RECORD EXTRACTS:
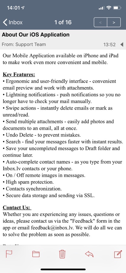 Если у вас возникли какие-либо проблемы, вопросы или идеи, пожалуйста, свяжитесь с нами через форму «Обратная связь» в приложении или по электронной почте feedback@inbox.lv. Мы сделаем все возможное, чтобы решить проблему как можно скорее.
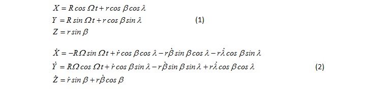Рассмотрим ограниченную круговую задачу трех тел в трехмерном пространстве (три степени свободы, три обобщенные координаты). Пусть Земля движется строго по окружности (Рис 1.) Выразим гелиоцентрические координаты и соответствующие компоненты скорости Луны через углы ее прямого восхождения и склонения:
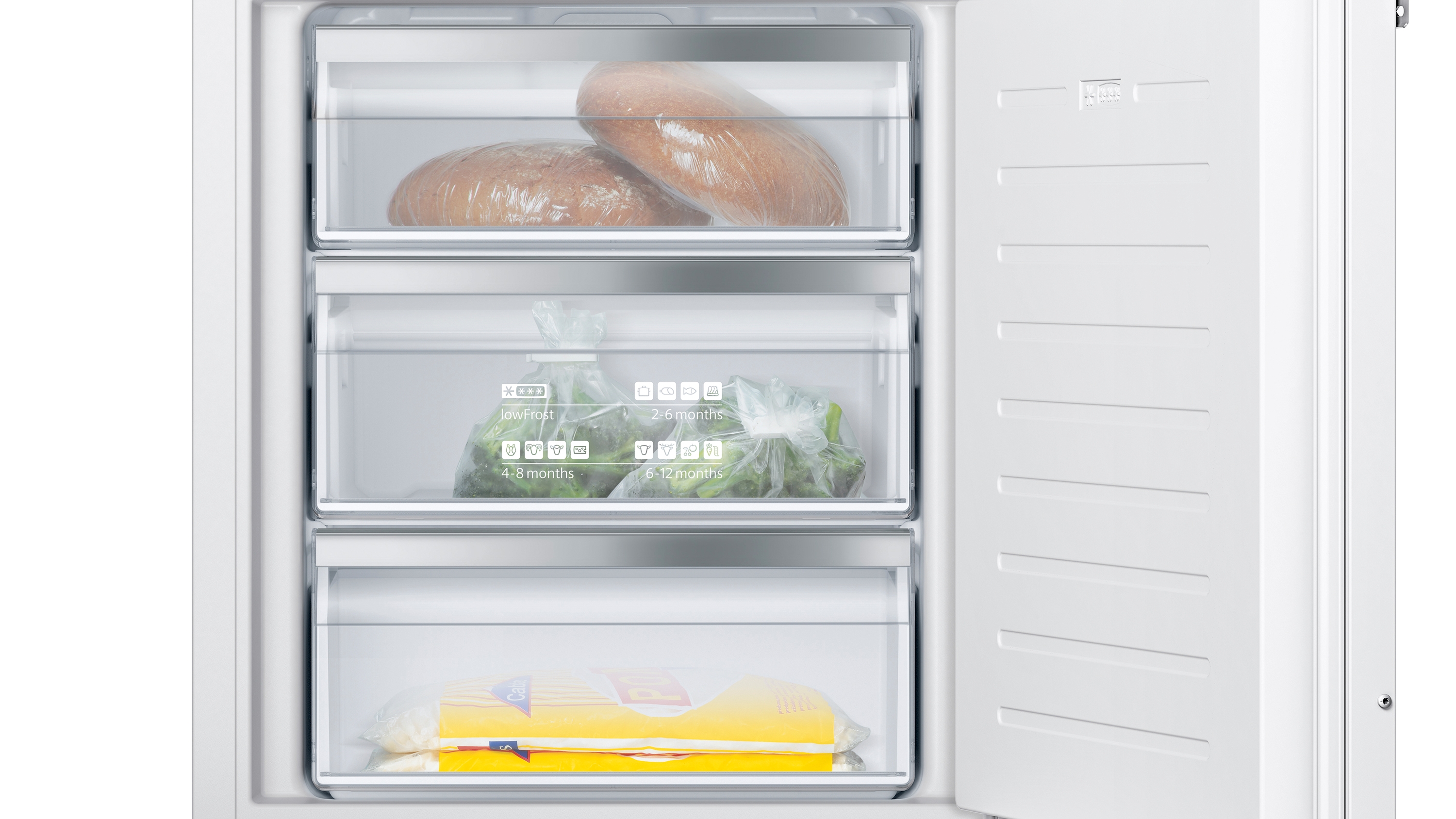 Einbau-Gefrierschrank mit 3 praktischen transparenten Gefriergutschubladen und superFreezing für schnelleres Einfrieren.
* * *
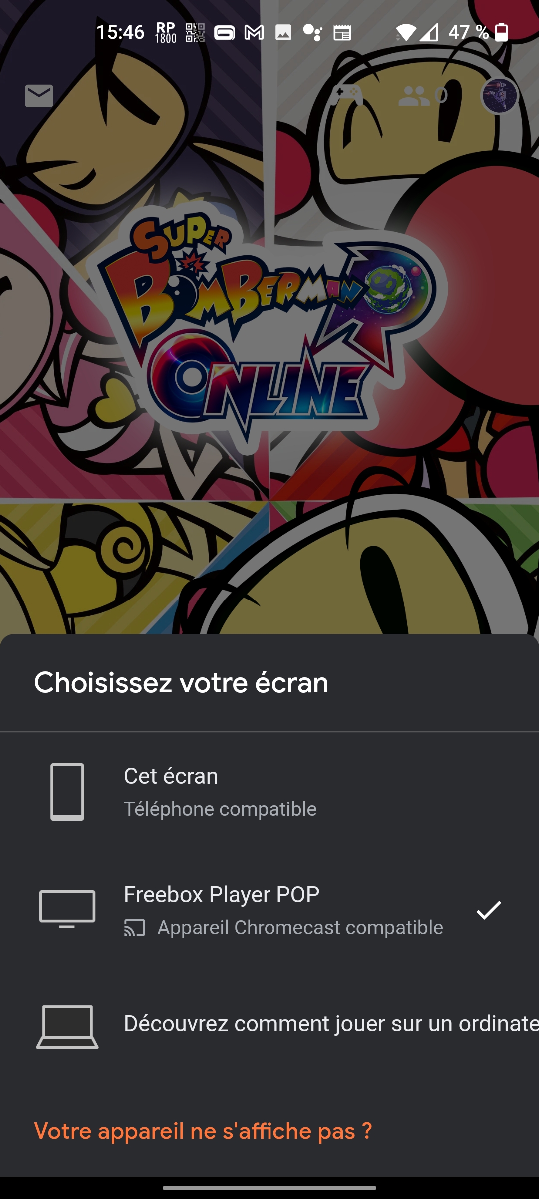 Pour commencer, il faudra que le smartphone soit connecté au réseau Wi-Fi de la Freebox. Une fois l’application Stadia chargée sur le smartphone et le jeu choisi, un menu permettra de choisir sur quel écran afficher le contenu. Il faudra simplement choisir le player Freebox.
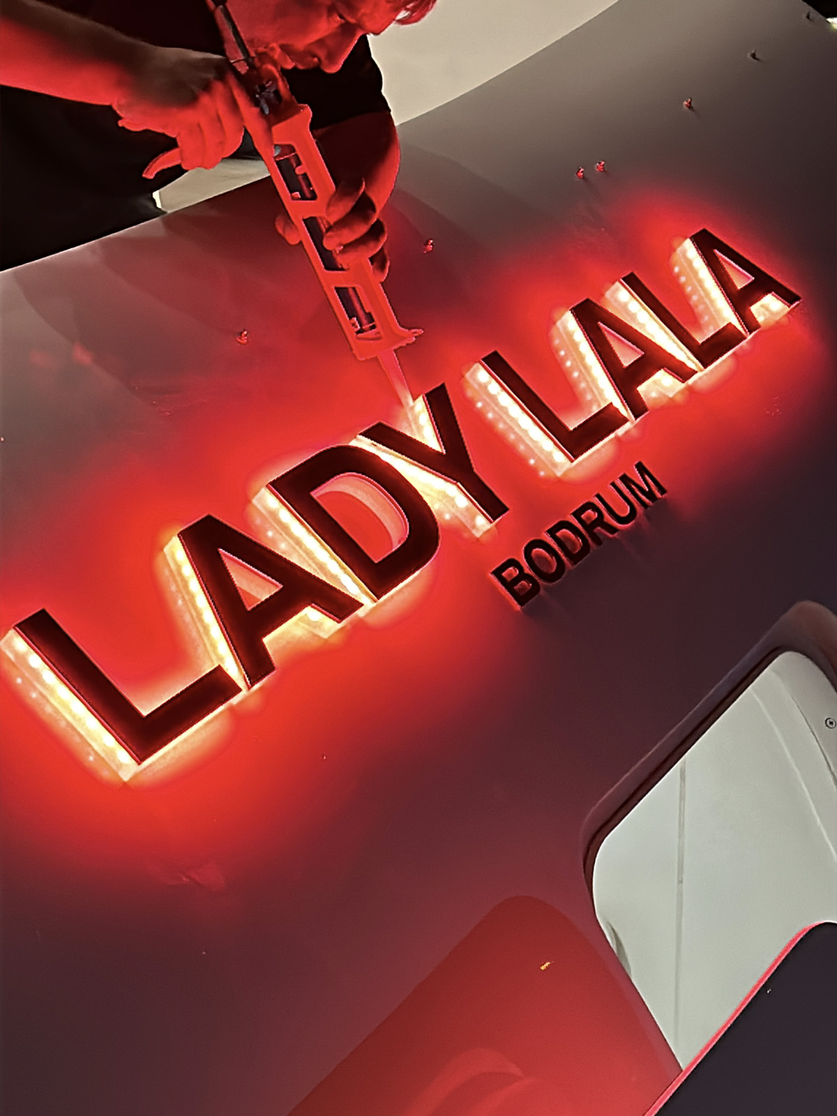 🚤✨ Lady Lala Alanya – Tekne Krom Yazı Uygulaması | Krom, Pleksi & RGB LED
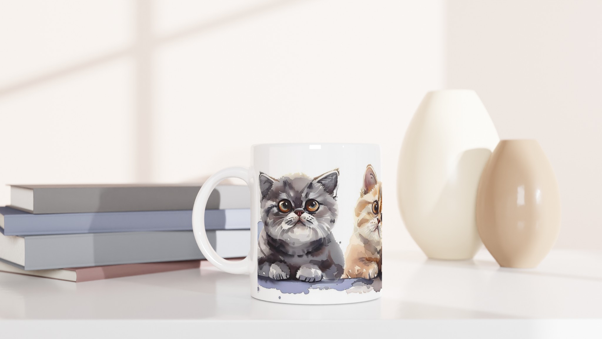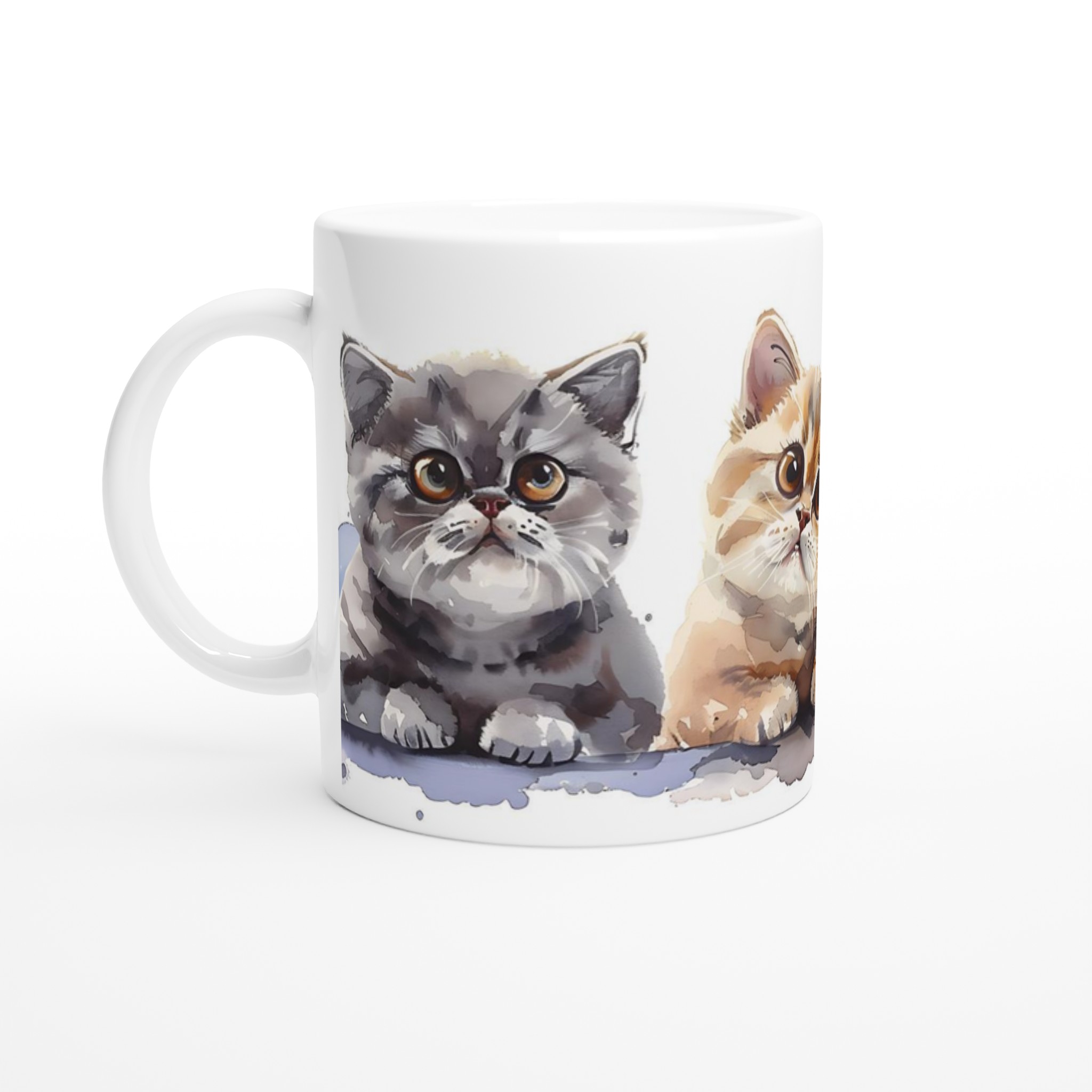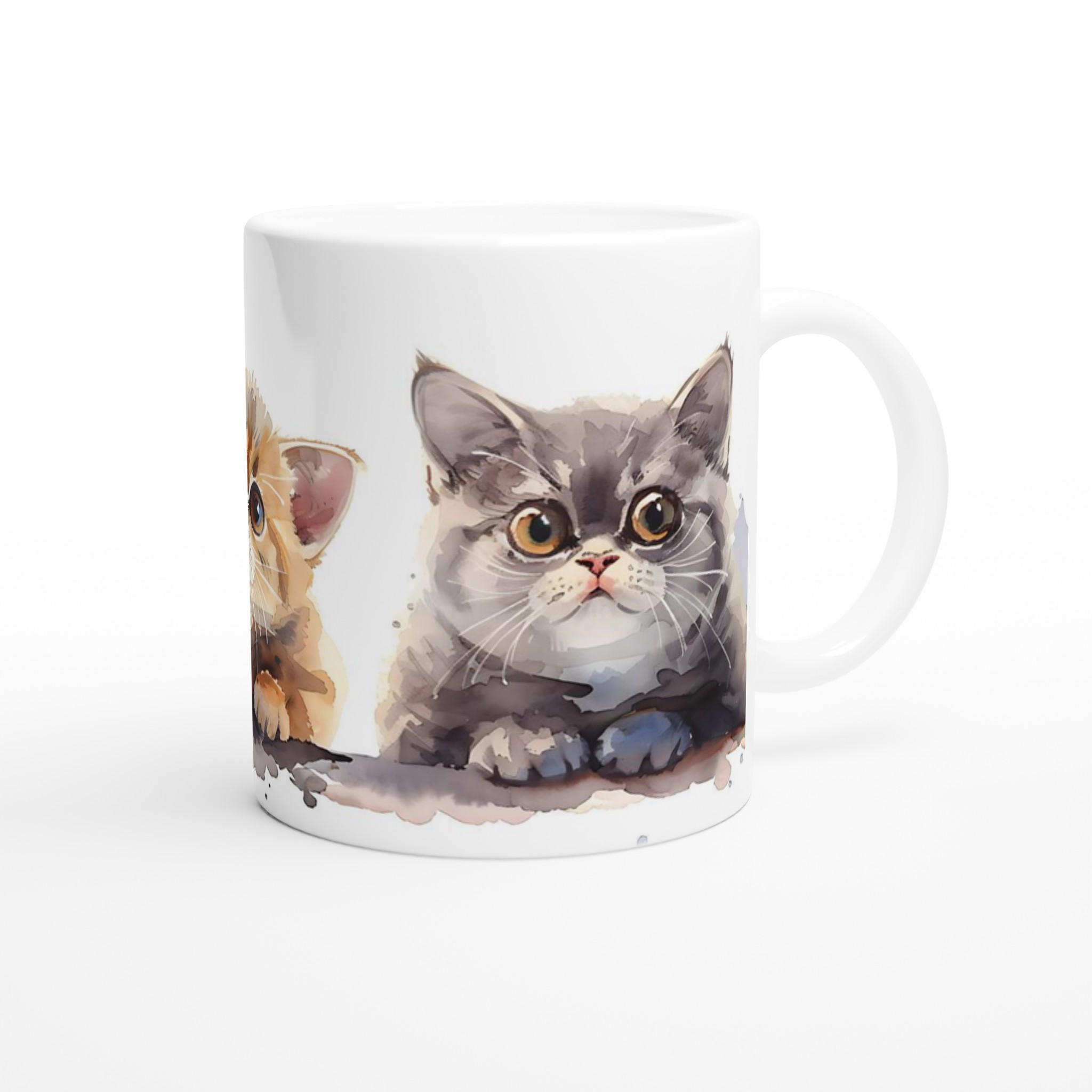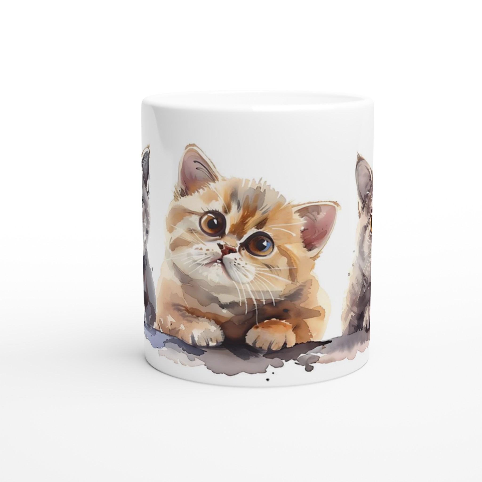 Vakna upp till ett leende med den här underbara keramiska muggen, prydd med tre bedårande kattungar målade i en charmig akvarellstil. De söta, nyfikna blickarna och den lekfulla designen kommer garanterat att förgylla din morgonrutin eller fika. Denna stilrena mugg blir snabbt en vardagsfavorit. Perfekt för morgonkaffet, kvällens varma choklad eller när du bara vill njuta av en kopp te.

REQUIRED WORK: Taking the records above, print only and exactly the lines from the line with "Рассмотрим ограниченную круговую" to the line with "Einbau-Gefrierschrank mit 3", both kept, and exclude pictures.

RESPONSE AREA:
Рассмотрим ограниченную круговую задачу трех тел в трехмерном пространстве (три степени свободы, три обобщенные координаты). Пусть Земля движется строго по окружности (Рис 1.) Выразим гелиоцентрические координаты и соответствующие компоненты скорости Луны через углы ее прямого восхождения и склонения:
 Einbau-Gefrierschrank mit 3 praktischen transparenten Gefriergutschubladen und superFreezing für schnelleres Einfrieren.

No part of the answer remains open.